- [AIM OF THE TASK] Repeat the records exactly, with one exception: no images.

- [Items from a dataset]
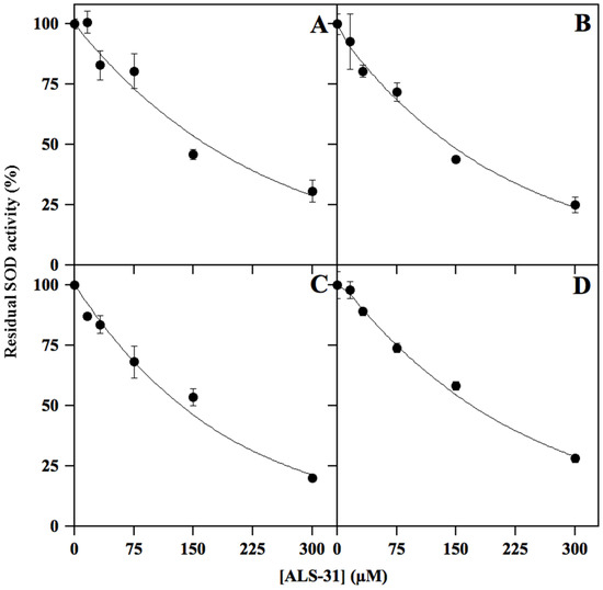 Representative effect of ALS-31 on the activity of different SODs. The activity of StSOD (A), Fe-SOD from Escherichia coli (B), Mn–SOD from rat mitochondria (C) or Cu/ZnSOD from bovine erythrocytes (D) was measured and expressed (●) as indicated in Figure 3.
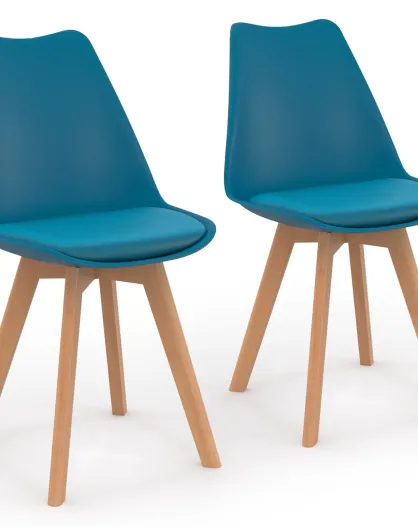 2 Chaises scandinaves Nordia avec coussin bleu canard - 46x51x79.5 cm
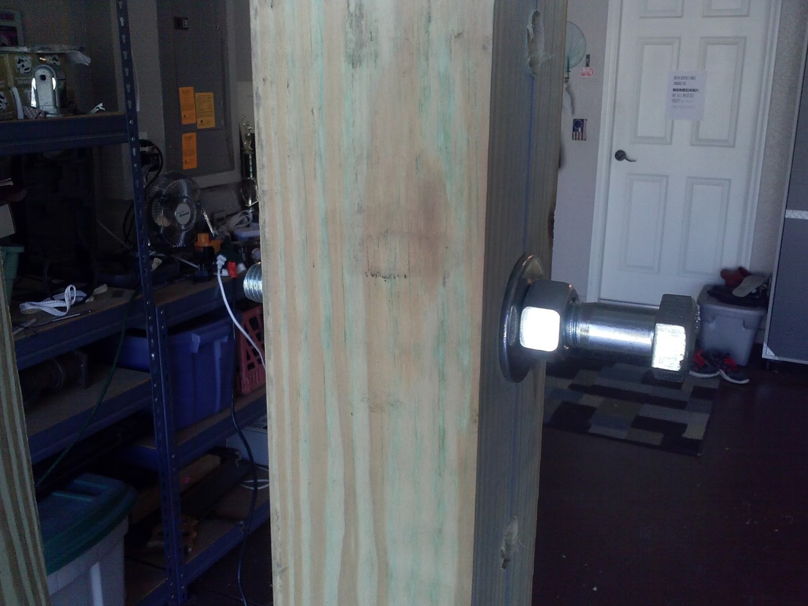 On the two middle posts we drilled 6 additional holes starting above the last hole (again every 4 inches) using a 7/8" bit. These holes are for the bolt to set the bar on. See the six smaller holes?
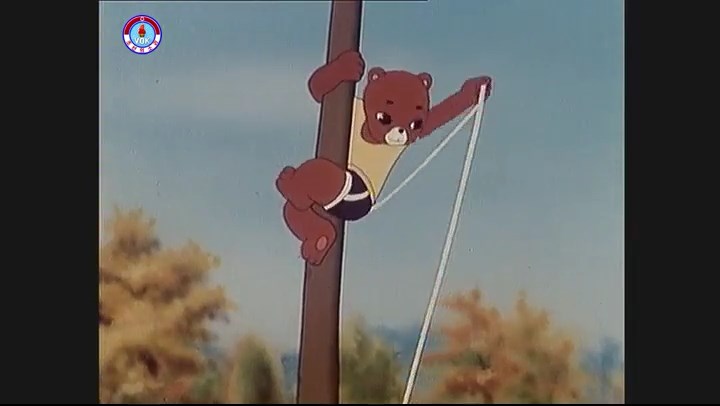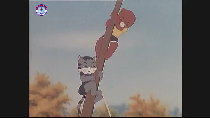 ※軽々と登るクマとネコ。ヒモが切れて落ちる。地面に突き刺さる竿。
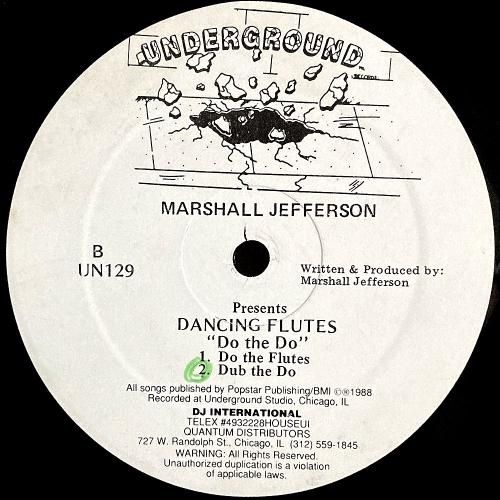 ハウスミュージックのオリジネイターの1人 Marshall Jefferson のプロジェクト Dancing Flutes の88年作。D.J. International Records 傘下で名前も◎なシカゴのレーベル Underground からのリリース。
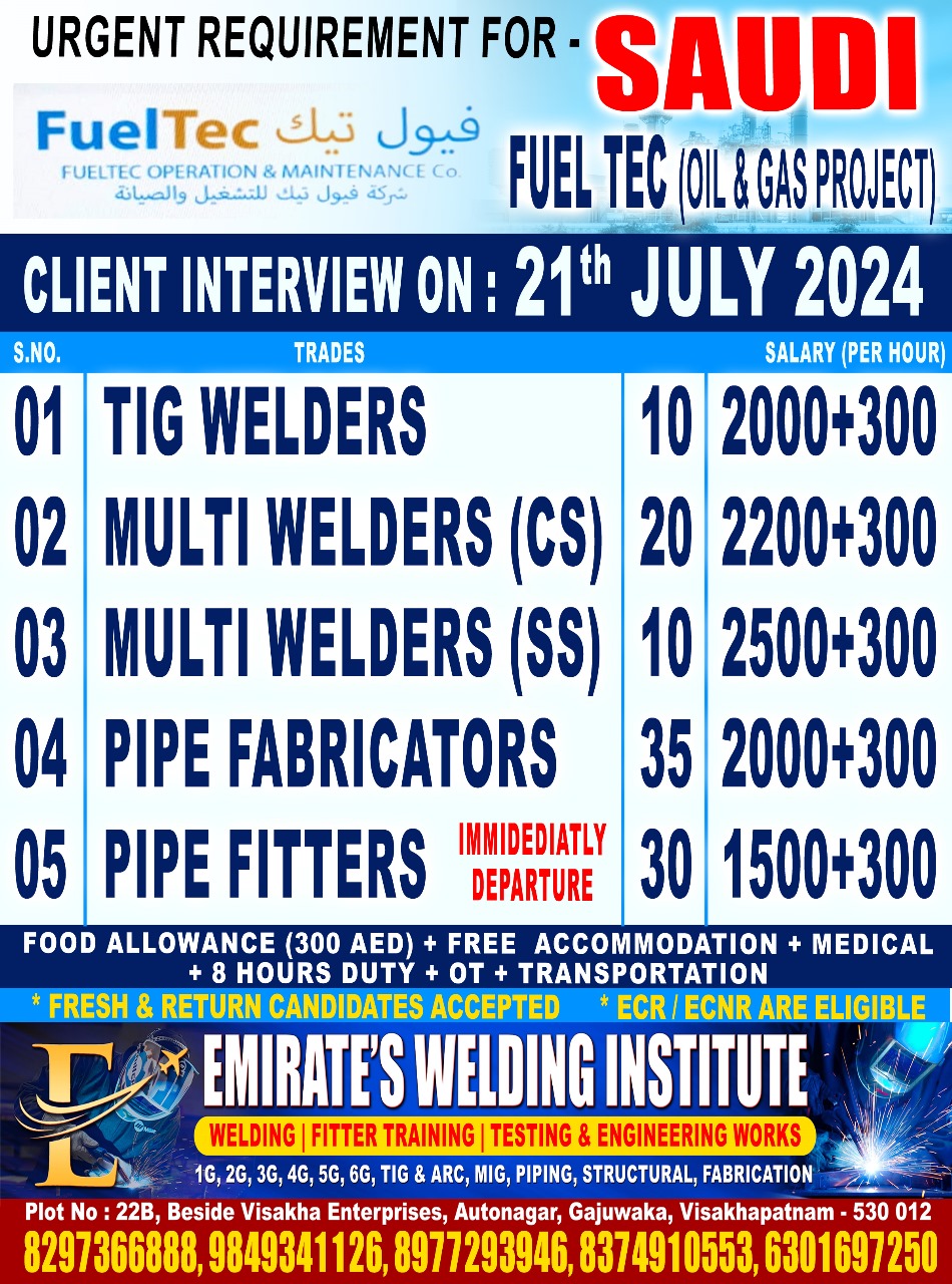 Emirates Welding & fitter Training Institute and Testing Centre is established in the year 2019, Pipe Welding Course To provide training to an individual to achieve an acceptable standard of welding in pipe butt welding. The delegate will preferably This Training and Test Centre is well equipped with good infrastructure, latest machinery for testing and Training. Our aim is to provide best technical education to benefit all the section of the society.
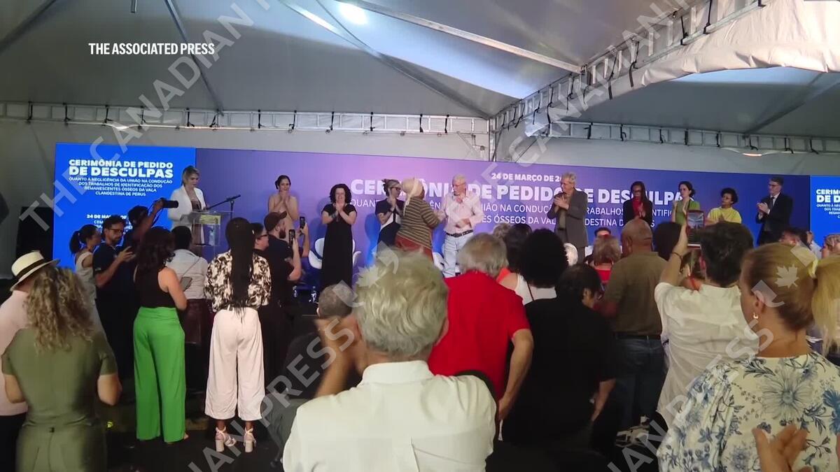 Brazil’s government on Monday apologized to families of victims of the country’s military dictatorship whose remains could be among those found in a clandestine mass grave 35 years ago. (AP video shot by Maycron Abade and Thiago Mostazo)

- [OUTPUT OF THE TASK]
 Representative effect of ALS-31 on the activity of different SODs. The activity of StSOD (A), Fe-SOD from Escherichia coli (B), Mn–SOD from rat mitochondria (C) or Cu/ZnSOD from bovine erythrocytes (D) was measured and expressed (●) as indicated in Figure 3.
 2 Chaises scandinaves Nordia avec coussin bleu canard - 46x51x79.5 cm
 On the two middle posts we drilled 6 additional holes starting above the last hole (again every 4 inches) using a 7/8" bit. These holes are for the bolt to set the bar on. See the six smaller holes?
 ※軽々と登るクマとネコ。ヒモが切れて落ちる。地面に突き刺さる竿。
 ハウスミュージックのオリジネイターの1人 Marshall Jefferson のプロジェクト Dancing Flutes の88年作。D.J. International Records 傘下で名前も◎なシカゴのレーベル Underground からのリリース。
 Emirates Welding & fitter Training Institute and Testing Centre is established in the year 2019, Pipe Welding Course To provide training to an individual to achieve an acceptable standard of welding in pipe butt welding. The delegate will preferably This Training and Test Centre is well equipped with good infrastructure, latest machinery for testing and Training. Our aim is to provide best technical education to benefit all the section of the society.
 Brazil’s government on Monday apologized to families of victims of the country’s military dictatorship whose remains could be among those found in a clandestine mass grave 35 years ago. (AP video shot by Maycron Abade and Thiago Mostazo)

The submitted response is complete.